Activity.
After locating the line with "总体而言,所有相关移动交易前端(包括部分未提及的应用)的每日合并平均收入约为 5 万美元,相当于约" in the entries below, output it and each following line up to and including the line with "Inhibition of autophagic", exactly and without pictures.

Records.
++++++

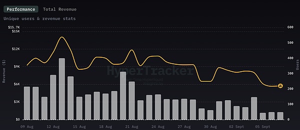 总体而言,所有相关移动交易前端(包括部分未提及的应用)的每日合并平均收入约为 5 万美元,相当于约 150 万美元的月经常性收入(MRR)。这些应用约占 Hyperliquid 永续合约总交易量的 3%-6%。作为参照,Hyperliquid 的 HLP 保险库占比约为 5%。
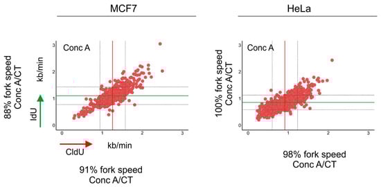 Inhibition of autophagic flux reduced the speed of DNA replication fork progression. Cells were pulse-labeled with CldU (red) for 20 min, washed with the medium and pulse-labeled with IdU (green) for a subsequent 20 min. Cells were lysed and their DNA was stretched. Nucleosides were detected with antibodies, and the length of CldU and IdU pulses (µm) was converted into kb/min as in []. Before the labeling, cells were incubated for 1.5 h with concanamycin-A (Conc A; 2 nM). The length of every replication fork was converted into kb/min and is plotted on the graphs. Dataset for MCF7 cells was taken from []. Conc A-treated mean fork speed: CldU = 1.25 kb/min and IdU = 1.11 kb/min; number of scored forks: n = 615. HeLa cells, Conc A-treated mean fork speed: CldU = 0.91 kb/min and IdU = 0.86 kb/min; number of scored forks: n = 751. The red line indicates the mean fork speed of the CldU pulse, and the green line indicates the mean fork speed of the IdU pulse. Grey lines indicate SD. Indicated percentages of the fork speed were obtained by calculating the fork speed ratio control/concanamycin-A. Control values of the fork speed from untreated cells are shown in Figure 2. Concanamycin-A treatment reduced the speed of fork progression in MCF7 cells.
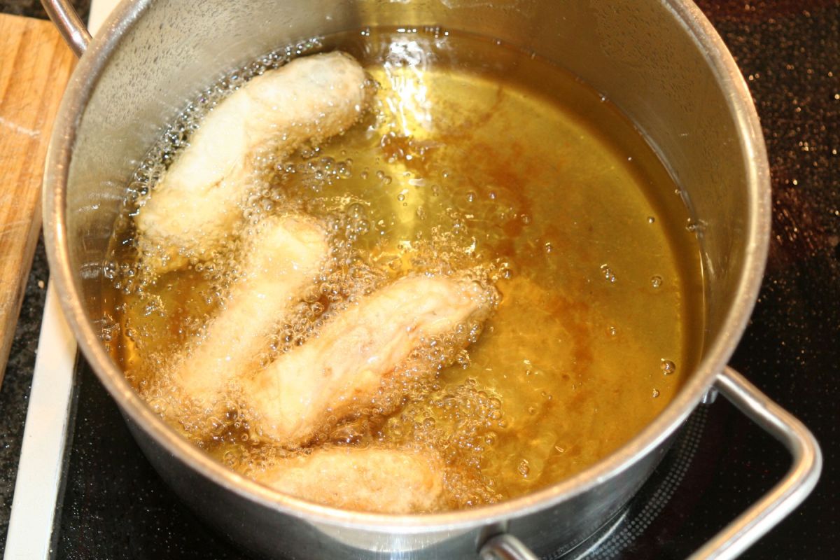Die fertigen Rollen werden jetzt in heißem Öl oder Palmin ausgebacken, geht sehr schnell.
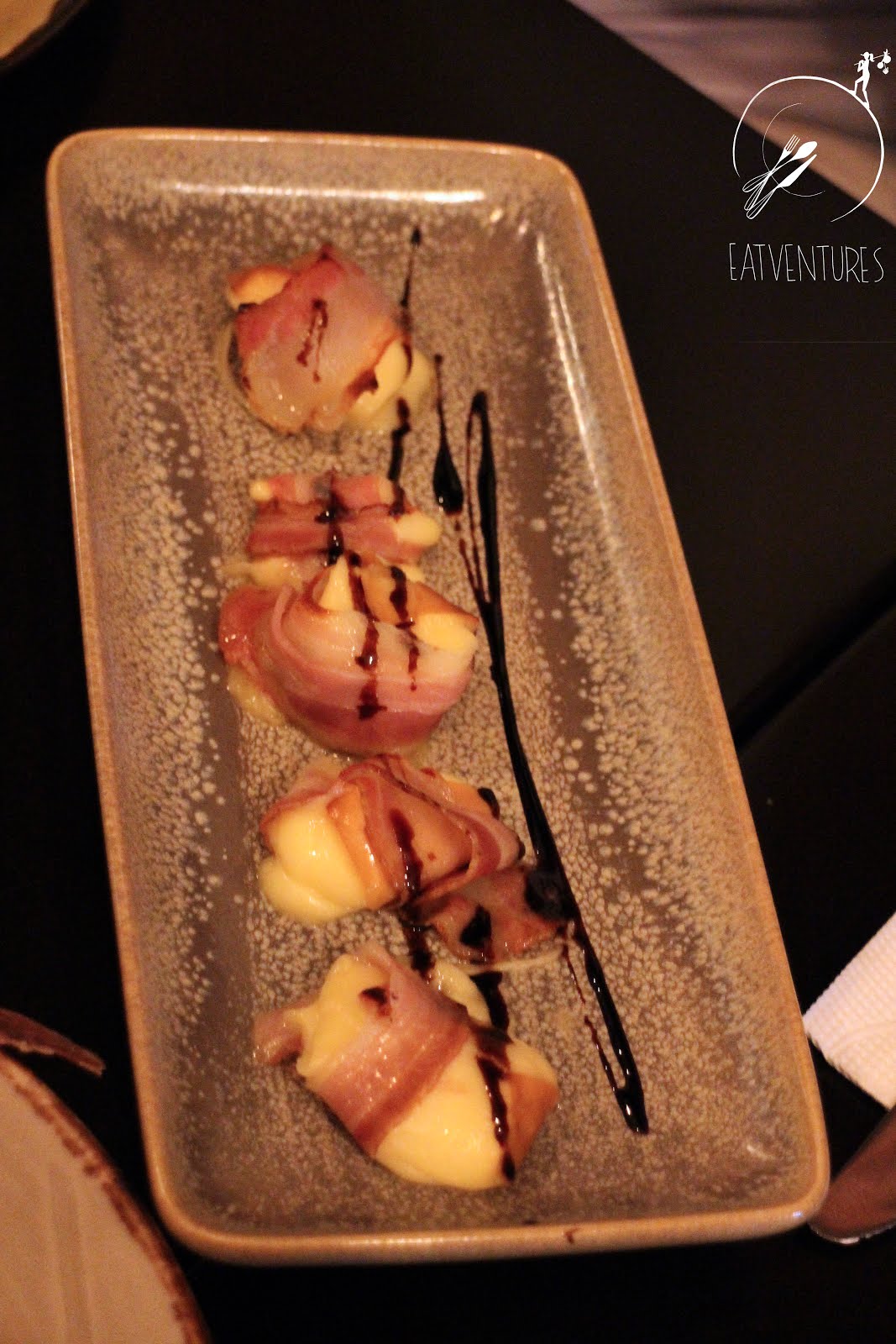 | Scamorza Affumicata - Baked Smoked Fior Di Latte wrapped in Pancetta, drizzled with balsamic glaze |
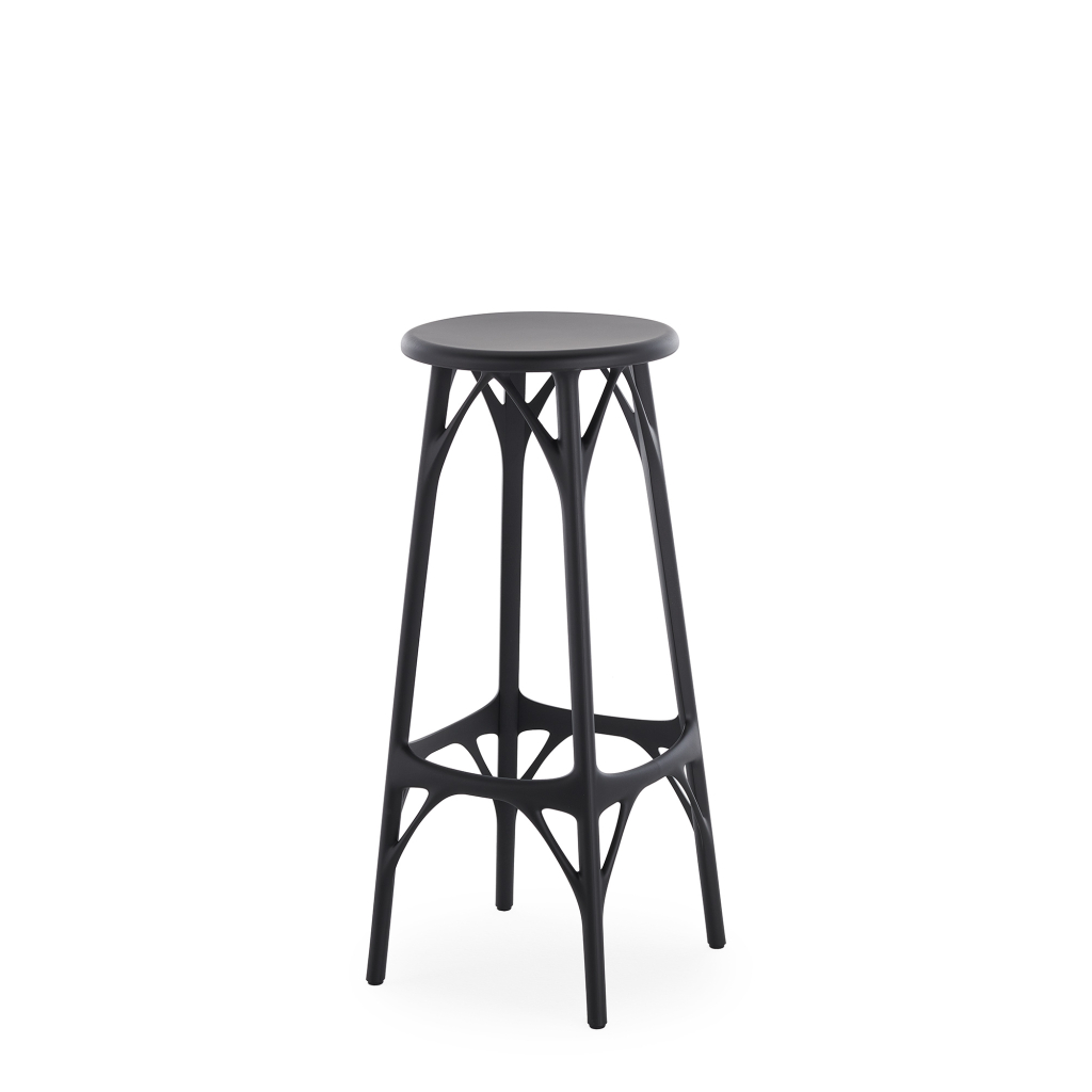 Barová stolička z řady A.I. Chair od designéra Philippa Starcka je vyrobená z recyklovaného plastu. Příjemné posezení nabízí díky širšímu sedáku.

++++++

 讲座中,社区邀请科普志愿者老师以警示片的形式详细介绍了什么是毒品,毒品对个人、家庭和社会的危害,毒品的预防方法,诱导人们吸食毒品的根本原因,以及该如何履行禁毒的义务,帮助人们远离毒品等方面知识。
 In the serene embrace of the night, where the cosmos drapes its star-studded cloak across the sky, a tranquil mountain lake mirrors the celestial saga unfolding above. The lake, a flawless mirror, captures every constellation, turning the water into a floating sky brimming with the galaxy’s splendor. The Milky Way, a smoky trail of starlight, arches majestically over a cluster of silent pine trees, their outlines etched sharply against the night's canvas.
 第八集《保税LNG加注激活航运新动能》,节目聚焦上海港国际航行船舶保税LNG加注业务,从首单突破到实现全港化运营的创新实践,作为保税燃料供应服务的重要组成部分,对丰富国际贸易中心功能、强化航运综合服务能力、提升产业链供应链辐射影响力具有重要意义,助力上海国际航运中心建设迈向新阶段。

++++++

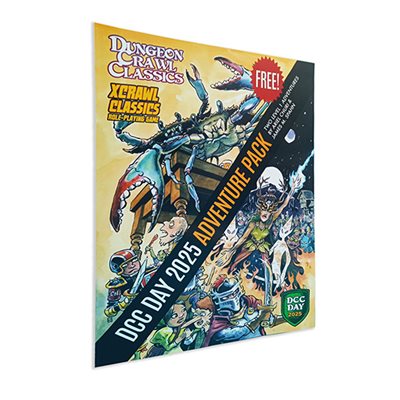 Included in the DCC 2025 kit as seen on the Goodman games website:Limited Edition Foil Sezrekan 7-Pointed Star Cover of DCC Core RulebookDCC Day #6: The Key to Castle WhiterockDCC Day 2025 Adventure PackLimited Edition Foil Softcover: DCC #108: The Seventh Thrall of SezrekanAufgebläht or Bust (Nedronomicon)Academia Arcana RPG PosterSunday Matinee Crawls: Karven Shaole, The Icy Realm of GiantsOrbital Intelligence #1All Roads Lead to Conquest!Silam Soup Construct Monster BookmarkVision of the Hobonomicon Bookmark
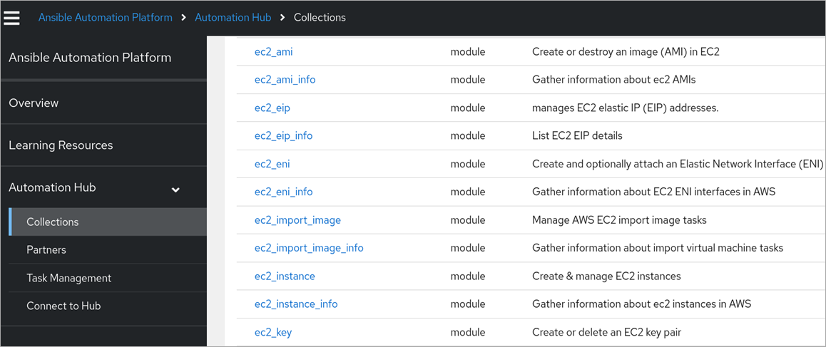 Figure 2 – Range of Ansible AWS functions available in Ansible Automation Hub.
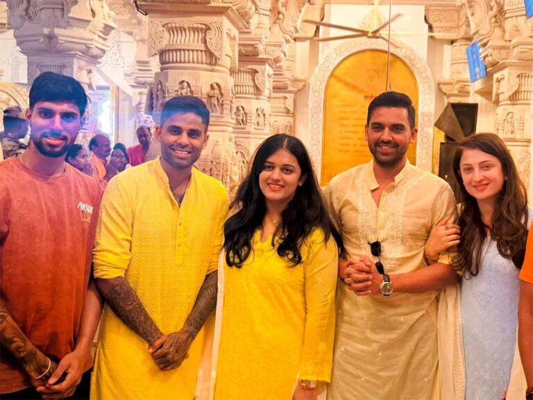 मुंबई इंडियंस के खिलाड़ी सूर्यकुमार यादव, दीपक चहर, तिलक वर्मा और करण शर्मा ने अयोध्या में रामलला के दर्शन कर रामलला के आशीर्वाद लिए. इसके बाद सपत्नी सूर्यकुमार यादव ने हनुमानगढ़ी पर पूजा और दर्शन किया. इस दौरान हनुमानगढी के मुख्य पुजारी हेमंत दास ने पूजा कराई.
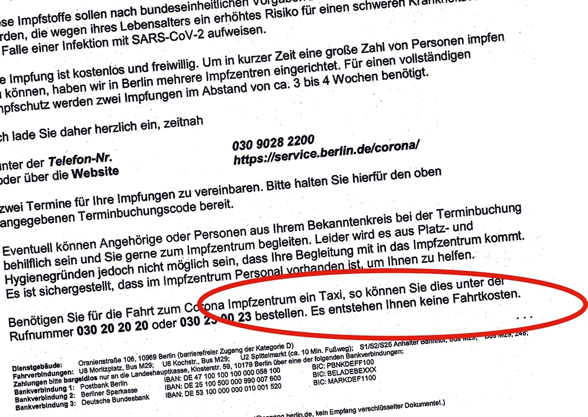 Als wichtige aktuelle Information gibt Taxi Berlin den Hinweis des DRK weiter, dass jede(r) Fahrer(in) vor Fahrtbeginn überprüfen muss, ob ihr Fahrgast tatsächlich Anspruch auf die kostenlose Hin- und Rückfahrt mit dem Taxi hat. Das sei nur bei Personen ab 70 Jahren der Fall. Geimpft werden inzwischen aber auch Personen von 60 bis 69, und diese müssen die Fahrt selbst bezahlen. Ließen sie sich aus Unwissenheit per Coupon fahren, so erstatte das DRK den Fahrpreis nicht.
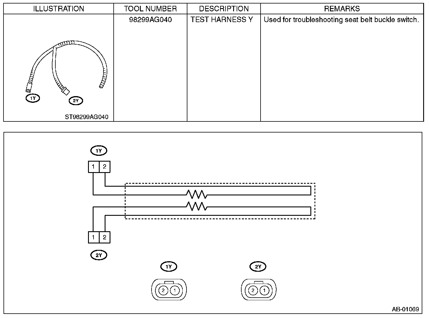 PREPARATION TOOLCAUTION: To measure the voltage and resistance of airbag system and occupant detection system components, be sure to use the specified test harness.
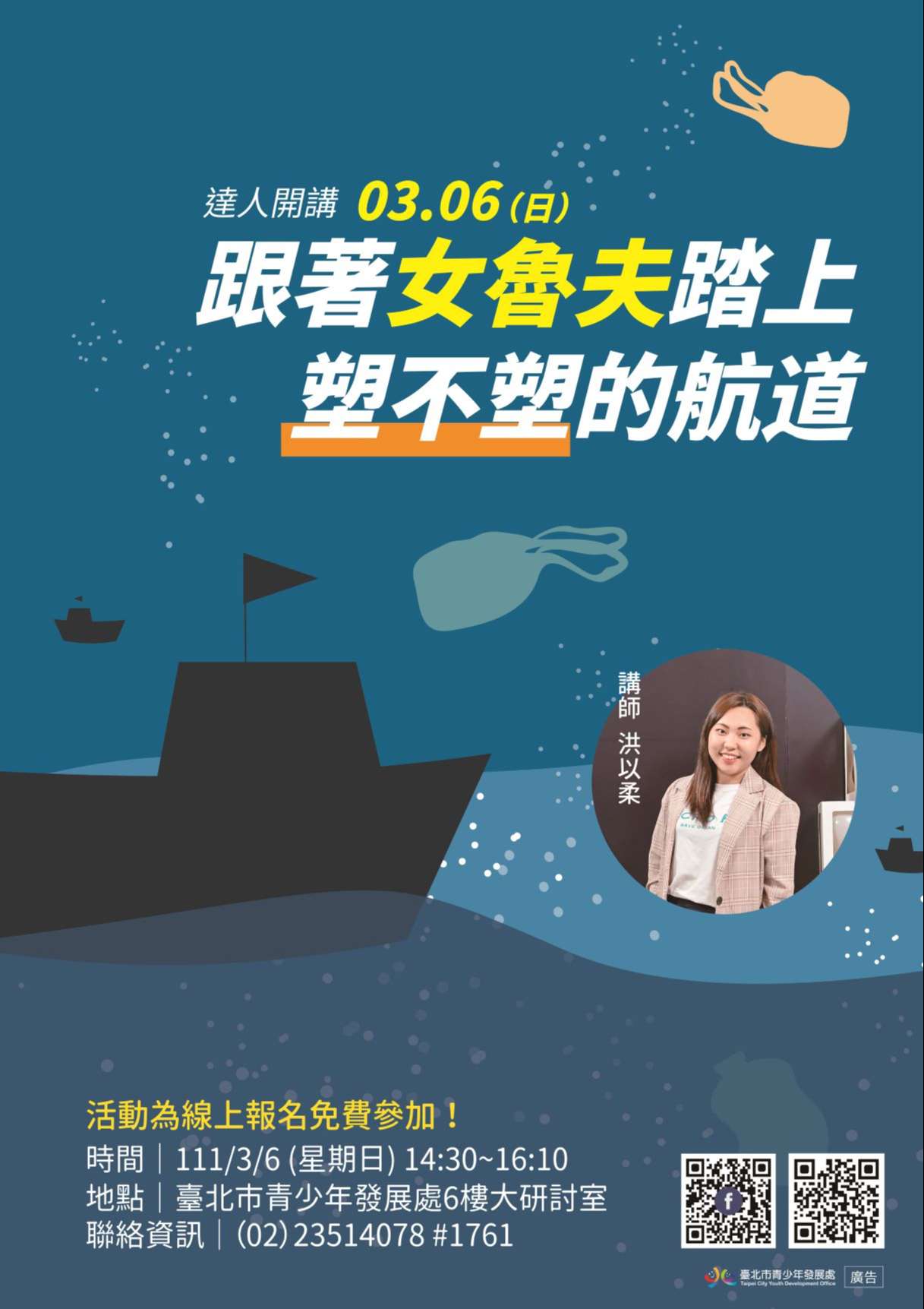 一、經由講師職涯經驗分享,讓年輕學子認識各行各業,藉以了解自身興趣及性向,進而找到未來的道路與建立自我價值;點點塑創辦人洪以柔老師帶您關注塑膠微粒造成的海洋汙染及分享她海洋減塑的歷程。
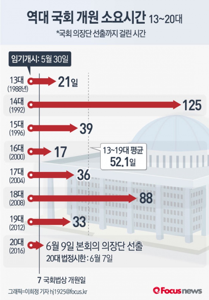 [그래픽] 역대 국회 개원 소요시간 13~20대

++++++

Result.
 总体而言,所有相关移动交易前端(包括部分未提及的应用)的每日合并平均收入约为 5 万美元,相当于约 150 万美元的月经常性收入(MRR)。这些应用约占 Hyperliquid 永续合约总交易量的 3%-6%。作为参照,Hyperliquid 的 HLP 保险库占比约为 5%。
 Inhibition of autophagic flux reduced the speed of DNA replication fork progression. Cells were pulse-labeled with CldU (red) for 20 min, washed with the medium and pulse-labeled with IdU (green) for a subsequent 20 min. Cells were lysed and their DNA was stretched. Nucleosides were detected with antibodies, and the length of CldU and IdU pulses (µm) was converted into kb/min as in []. Before the labeling, cells were incubated for 1.5 h with concanamycin-A (Conc A; 2 nM). The length of every replication fork was converted into kb/min and is plotted on the graphs. Dataset for MCF7 cells was taken from []. Conc A-treated mean fork speed: CldU = 1.25 kb/min and IdU = 1.11 kb/min; number of scored forks: n = 615. HeLa cells, Conc A-treated mean fork speed: CldU = 0.91 kb/min and IdU = 0.86 kb/min; number of scored forks: n = 751. The red line indicates the mean fork speed of the CldU pulse, and the green line indicates the mean fork speed of the IdU pulse. Grey lines indicate SD. Indicated percentages of the fork speed were obtained by calculating the fork speed ratio control/concanamycin-A. Control values of the fork speed from untreated cells are shown in Figure 2. Concanamycin-A treatment reduced the speed of fork progression in MCF7 cells.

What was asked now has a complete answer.